*WHAT THIS TASK INVOLVES:* Please restate, exactly as they appear, only the lines from the one that contains "LEVELO 2.5D SILK" to the final line of the entries, with no pictures.

:: RECORDS TO USE ::

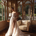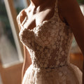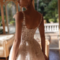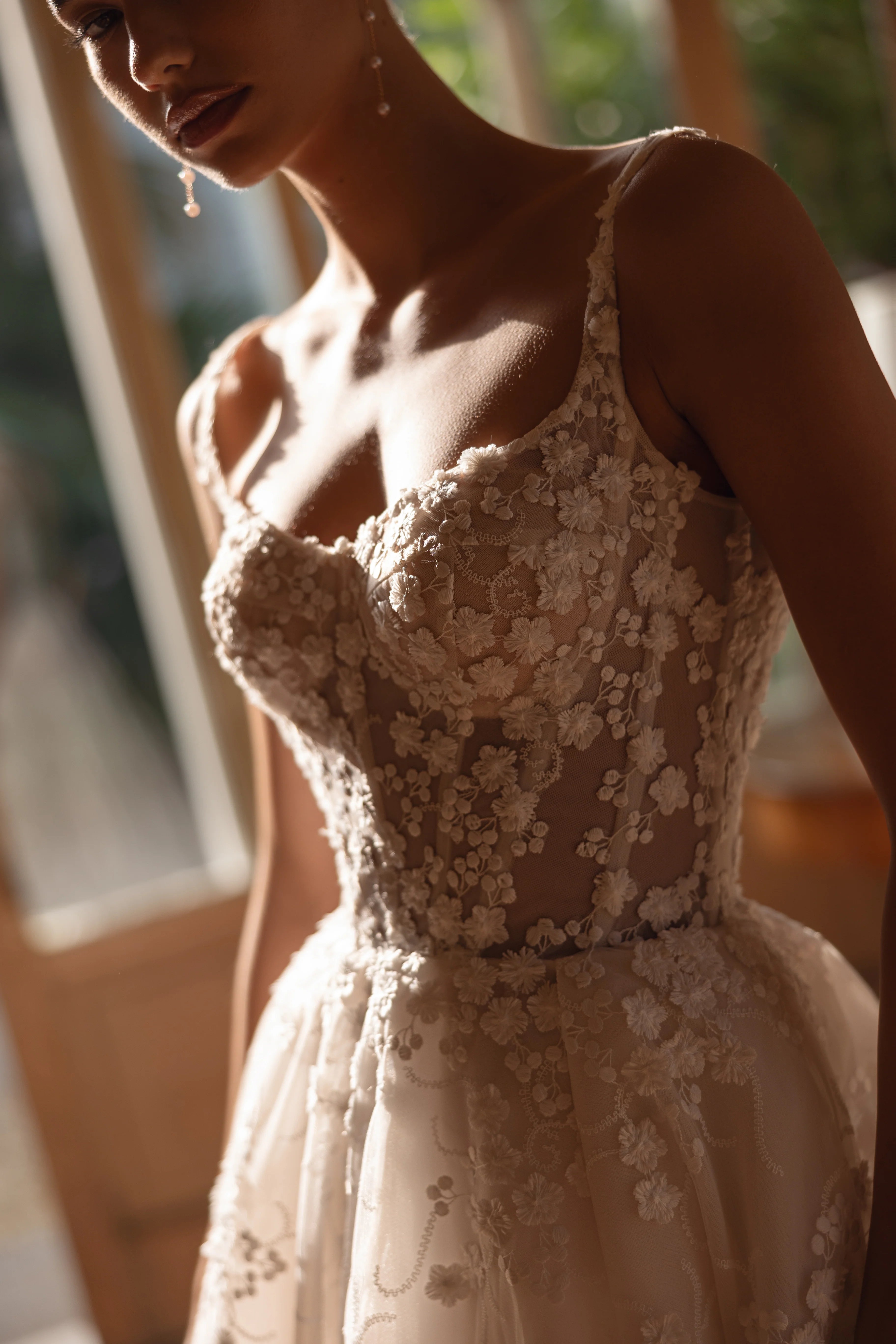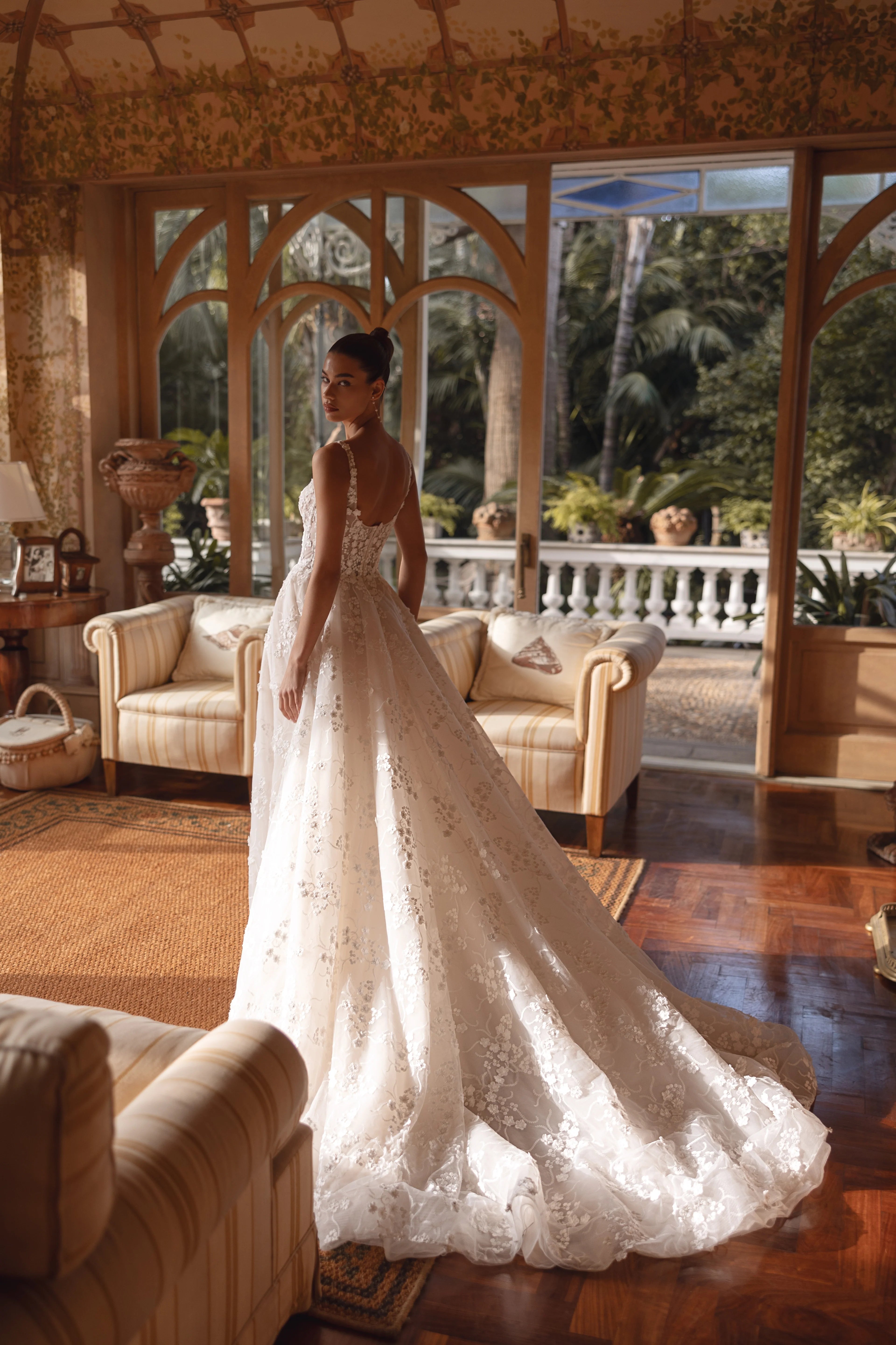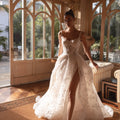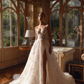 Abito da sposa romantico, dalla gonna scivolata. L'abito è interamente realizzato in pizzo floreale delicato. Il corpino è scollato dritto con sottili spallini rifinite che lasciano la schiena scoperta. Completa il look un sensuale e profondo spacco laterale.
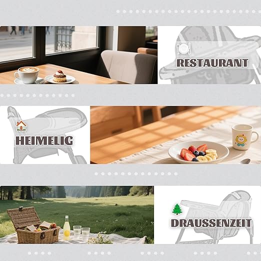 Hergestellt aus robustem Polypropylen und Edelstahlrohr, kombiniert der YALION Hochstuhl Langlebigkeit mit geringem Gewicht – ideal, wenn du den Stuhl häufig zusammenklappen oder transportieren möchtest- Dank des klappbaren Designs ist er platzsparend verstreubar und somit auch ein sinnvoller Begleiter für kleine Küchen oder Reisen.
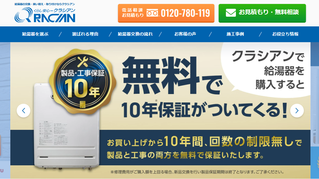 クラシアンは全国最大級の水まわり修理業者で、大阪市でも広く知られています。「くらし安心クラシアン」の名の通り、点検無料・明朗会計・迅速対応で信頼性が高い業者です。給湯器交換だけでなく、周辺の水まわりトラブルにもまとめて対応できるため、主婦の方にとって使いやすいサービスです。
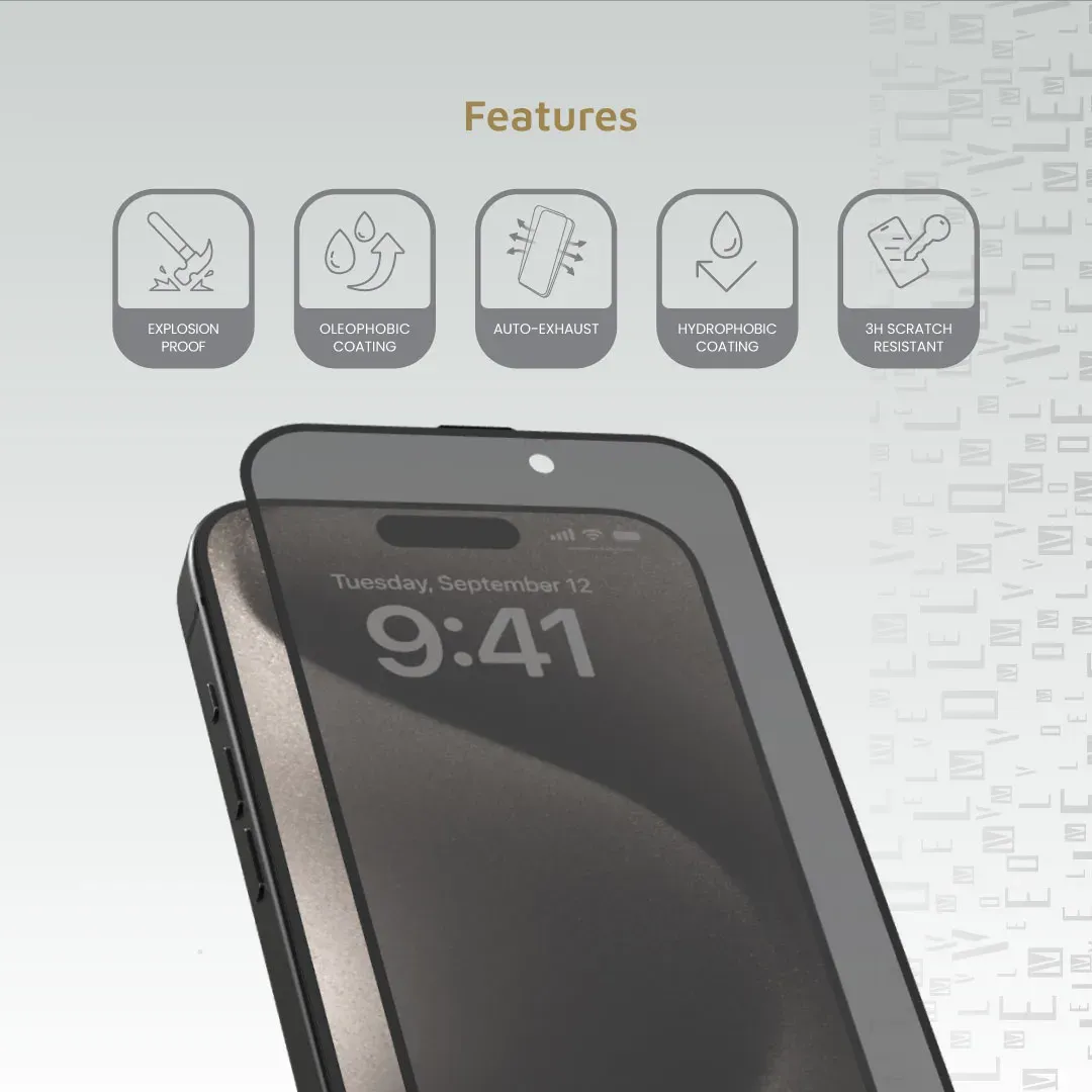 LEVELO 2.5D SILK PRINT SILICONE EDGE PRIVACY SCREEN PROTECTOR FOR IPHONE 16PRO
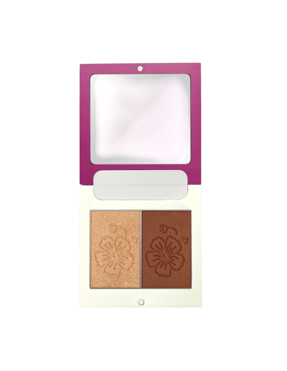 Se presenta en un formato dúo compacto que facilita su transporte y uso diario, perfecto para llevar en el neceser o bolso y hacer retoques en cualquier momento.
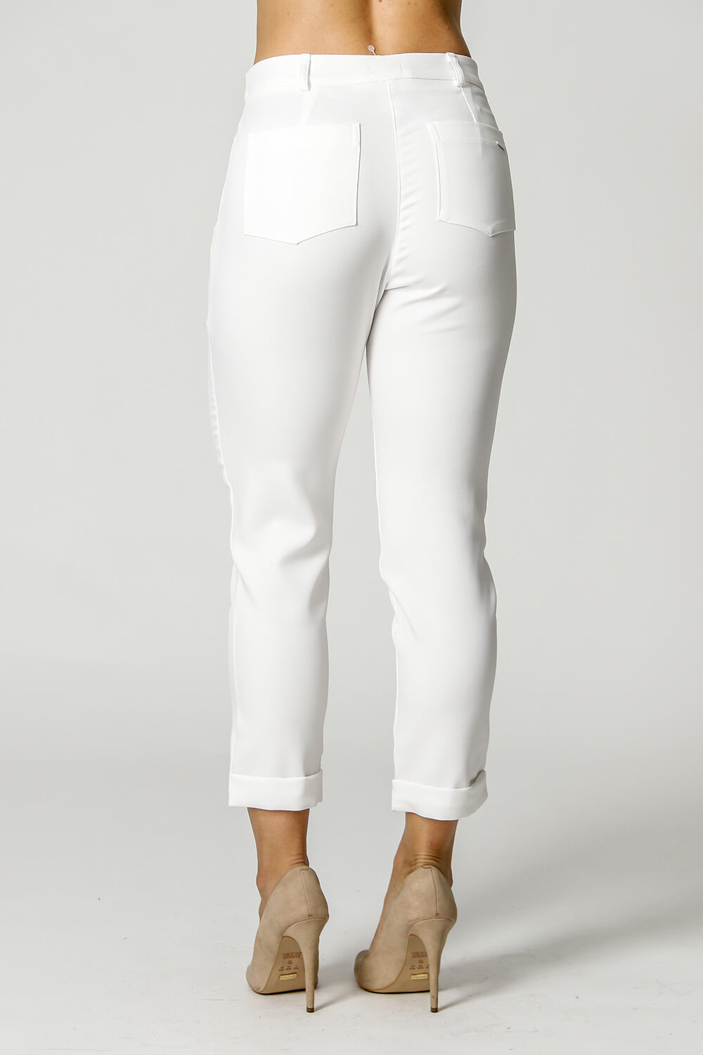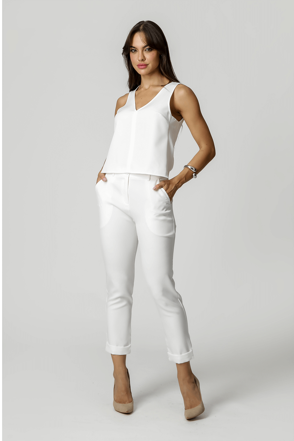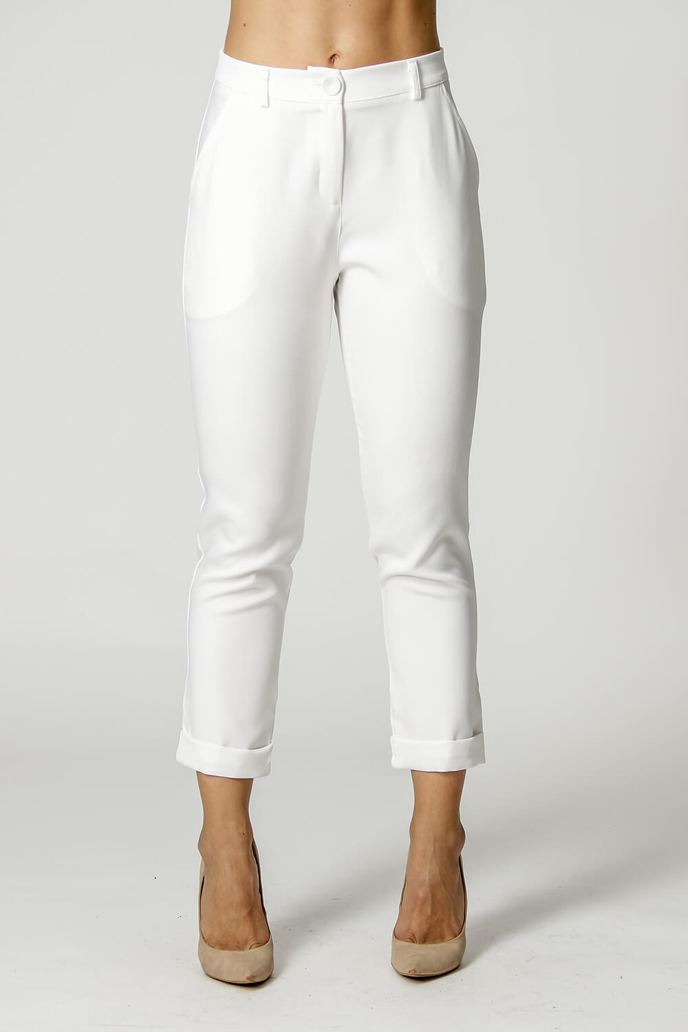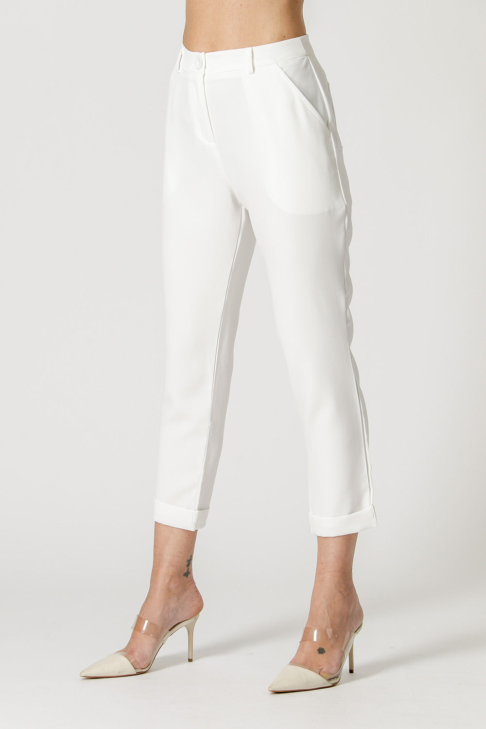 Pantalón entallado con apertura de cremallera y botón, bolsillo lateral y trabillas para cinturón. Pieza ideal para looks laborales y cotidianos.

:::

*EXPECTED OUTPUT:*
 LEVELO 2.5D SILK PRINT SILICONE EDGE PRIVACY SCREEN PROTECTOR FOR IPHONE 16PRO
 Se presenta en un formato dúo compacto que facilita su transporte y uso diario, perfecto para llevar en el neceser o bolso y hacer retoques en cualquier momento.
 Pantalón entallado con apertura de cremallera y botón, bolsillo lateral y trabillas para cinturón. Pieza ideal para looks laborales y cotidianos.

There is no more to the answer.